The Lynx Group

Use of G-CSF Agents Prevents Febrile Neutropenia, but High Cost Limits Their Utilization

September 2012, Vol 3, No 6

New York, NY—Two major advances over the past decades have improved the management of febrile neutropenia (FN)—the MASCC (Multinational Association of Supportive Care in Cancer) scoring system for predicting the risk of FN, and the use of granulocyte colony-stimulating factors (G-CSFs) for the prevention of FN. However, the need for improvement still exists, said Jean Klastersky, MD, Professor, Institut Jules Bordet, Brussels, Belgium, at the 2012 MASCC International Symposium. Among the remaining challenges is refining the optimal use of these agents.

According to Dr Klastersky, current guidelines restricting the use of prophylactic G-CSFs to high-risk patients are based on economic, not on scientific, considerations. He believes that the criteria should be expanded to incorporate patients at a lower risk of developing FN, because when FN develops, costly and life-threatening complications are similar in all risk groups. Furthermore, studies show that the benefits of preventing FN are similar in low-risk and high-risk patients.

Over the past 3 decades, FN-related mortality and morbidity have de­clined, and therapies are less toxic and more appropriately geared toward risk status. The complications of FN can include hypotension, respiratory failure, intensive care unit admission, and confusion; 30 years ago, these complications were fatal for many patients. Currently, the rate of com­plications is 10% to 20%, and the mortality rate is about 5%, but even a 5% mortality rate is too high, Dr Klastersky said.

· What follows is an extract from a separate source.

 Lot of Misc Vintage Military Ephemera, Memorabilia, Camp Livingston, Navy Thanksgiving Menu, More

Treating low-risk patients on an outpatient basis reduces the cost of FN treatment by approximately 50%. The mean cost of treating 1 episode is $7700 in an outpatient setting and $15,231 in the inpatient setting. Growth factors account for a good part of the costs associated with hospitalization, Dr Klastersky said.

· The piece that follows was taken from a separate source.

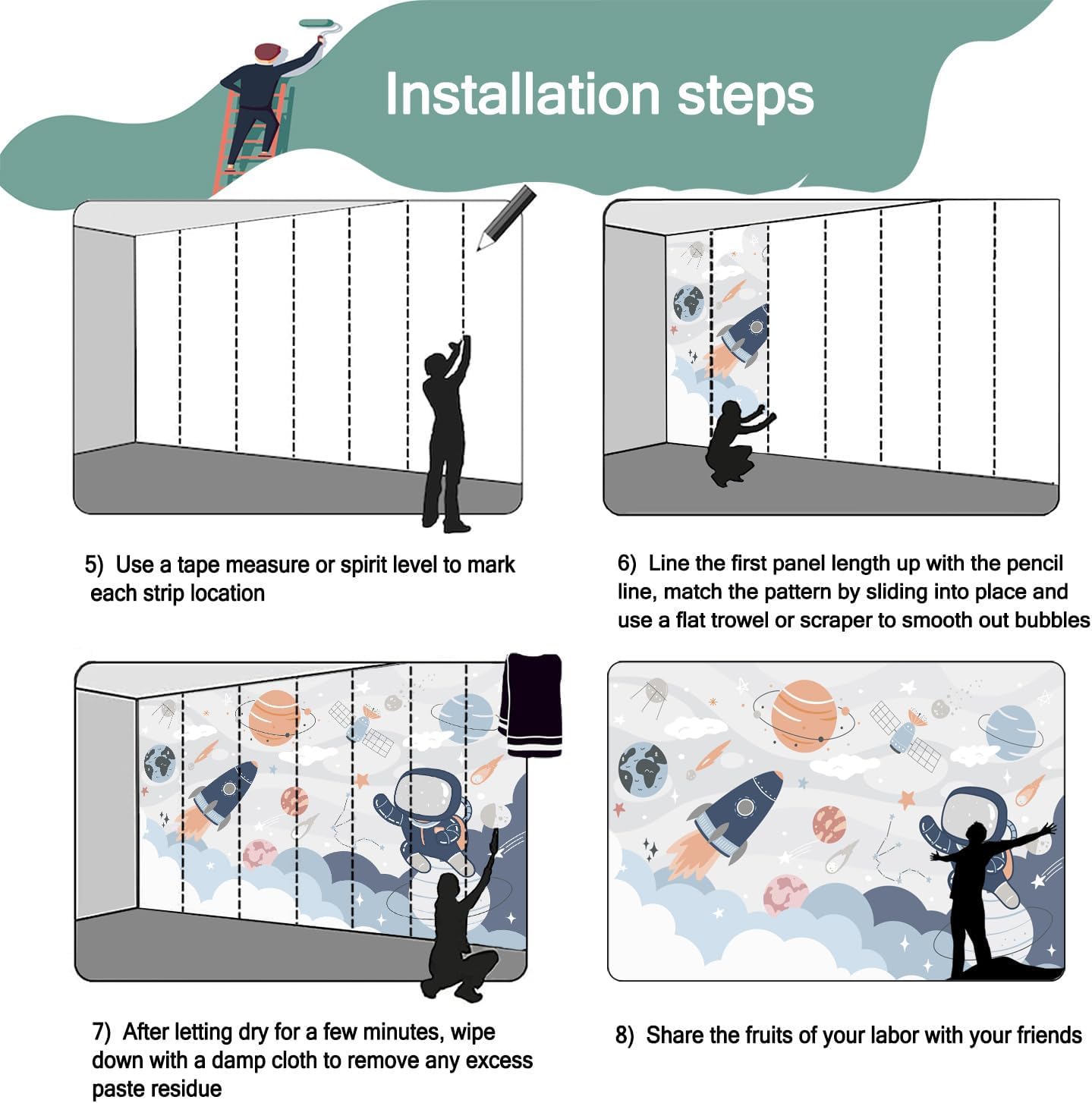 - Mural wallpaper size: 100 "W x 65 "H, divided into 5 sections, each section is labeled with a number underneath, there is no need to overlap the pattern when installing, just install according to the number labeled underneath the panel

The MASCC scoring index for FN predicts the risk for complications, which is calculated based on total symptom burden and on individual symptoms. A MASCC index score >20 predicts a 5% (ie, low) risk for complications. Low-risk patients can be effectively treated as outpatients, with oral antibiotics after a 24-hour observation period in the hospital.

Patients with a MASCC score <15 are at higher risk of severe sepsis and mortality if FN develops. According to Dr Klastersky, the management of this group of patients should be more aggressive. Protocols are needed and treatment should be initiated with intravenous antibiotics before several hours elapse.

Because of the high cost associated with the G-CSFs, their use is typically recommended in patients with a ≥20% risk for FN, and growth factors are typically withheld from patients with a 10% risk of developing FN.

Dr Klastersky said that further study is needed to determine whether the criteria for G-CSF prophylaxis should include lower-risk patients.